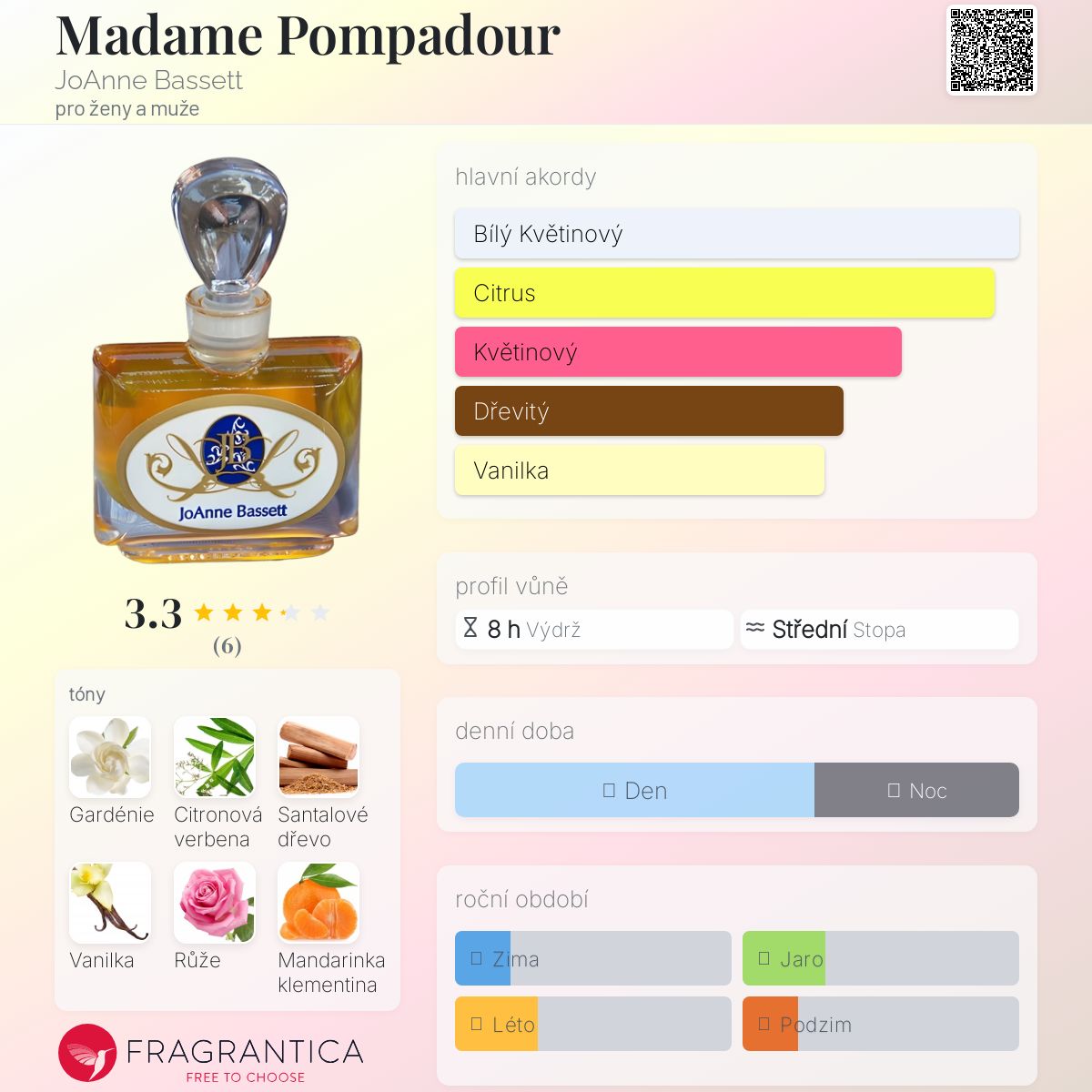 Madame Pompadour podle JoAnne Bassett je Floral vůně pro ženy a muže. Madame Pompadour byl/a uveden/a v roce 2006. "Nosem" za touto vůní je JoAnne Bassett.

• • • • • • •

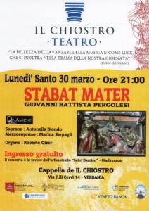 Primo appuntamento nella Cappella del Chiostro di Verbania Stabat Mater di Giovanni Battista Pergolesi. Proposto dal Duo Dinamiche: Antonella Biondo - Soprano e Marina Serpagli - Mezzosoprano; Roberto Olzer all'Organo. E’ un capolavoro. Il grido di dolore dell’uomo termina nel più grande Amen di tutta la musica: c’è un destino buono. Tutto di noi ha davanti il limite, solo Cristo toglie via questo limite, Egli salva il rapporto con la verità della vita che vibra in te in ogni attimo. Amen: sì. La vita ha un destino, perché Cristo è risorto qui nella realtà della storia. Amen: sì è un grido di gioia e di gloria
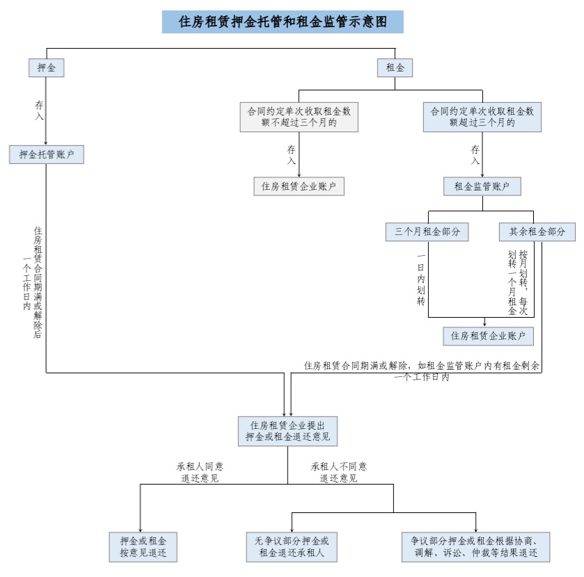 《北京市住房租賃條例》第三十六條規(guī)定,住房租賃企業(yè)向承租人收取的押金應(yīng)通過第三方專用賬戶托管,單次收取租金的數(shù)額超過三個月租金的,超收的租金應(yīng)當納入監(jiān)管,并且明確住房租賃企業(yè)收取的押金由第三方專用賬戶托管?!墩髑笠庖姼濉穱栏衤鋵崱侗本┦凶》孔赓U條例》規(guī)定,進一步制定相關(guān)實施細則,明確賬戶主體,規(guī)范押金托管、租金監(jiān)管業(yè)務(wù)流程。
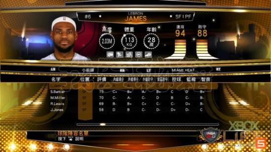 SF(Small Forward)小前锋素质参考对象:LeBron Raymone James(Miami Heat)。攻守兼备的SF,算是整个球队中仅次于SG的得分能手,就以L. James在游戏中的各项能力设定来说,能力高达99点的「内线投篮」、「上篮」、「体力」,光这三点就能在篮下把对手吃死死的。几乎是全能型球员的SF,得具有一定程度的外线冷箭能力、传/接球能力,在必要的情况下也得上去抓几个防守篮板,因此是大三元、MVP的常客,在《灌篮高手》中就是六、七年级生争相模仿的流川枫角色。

• • • • • • •

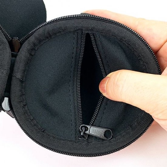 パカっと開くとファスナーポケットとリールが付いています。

• • • • • • •

● EXERCISE REQUIREMENTS: Work from the entries above. Set down exactly and only the lines from the line with "Primo appuntamento nella" to the line with "SF(Small Forward)小前锋素质参考对象:LeBron Raymone", both included, and leave the pictures out.

● ANSWER:
 Primo appuntamento nella Cappella del Chiostro di Verbania Stabat Mater di Giovanni Battista Pergolesi. Proposto dal Duo Dinamiche: Antonella Biondo - Soprano e Marina Serpagli - Mezzosoprano; Roberto Olzer all'Organo. E’ un capolavoro. Il grido di dolore dell’uomo termina nel più grande Amen di tutta la musica: c’è un destino buono. Tutto di noi ha davanti il limite, solo Cristo toglie via questo limite, Egli salva il rapporto con la verità della vita che vibra in te in ogni attimo. Amen: sì. La vita ha un destino, perché Cristo è risorto qui nella realtà della storia. Amen: sì è un grido di gioia e di gloria
 《北京市住房租賃條例》第三十六條規(guī)定,住房租賃企業(yè)向承租人收取的押金應(yīng)通過第三方專用賬戶托管,單次收取租金的數(shù)額超過三個月租金的,超收的租金應(yīng)當納入監(jiān)管,并且明確住房租賃企業(yè)收取的押金由第三方專用賬戶托管?!墩髑笠庖姼濉穱栏衤鋵崱侗本┦凶》孔赓U條例》規(guī)定,進一步制定相關(guān)實施細則,明確賬戶主體,規(guī)范押金托管、租金監(jiān)管業(yè)務(wù)流程。
 SF(Small Forward)小前锋素质参考对象:LeBron Raymone James(Miami Heat)。攻守兼备的SF,算是整个球队中仅次于SG的得分能手,就以L. James在游戏中的各项能力设定来说,能力高达99点的「内线投篮」、「上篮」、「体力」,光这三点就能在篮下把对手吃死死的。几乎是全能型球员的SF,得具有一定程度的外线冷箭能力、传/接球能力,在必要的情况下也得上去抓几个防守篮板,因此是大三元、MVP的常客,在《灌篮高手》中就是六、七年级生争相模仿的流川枫角色。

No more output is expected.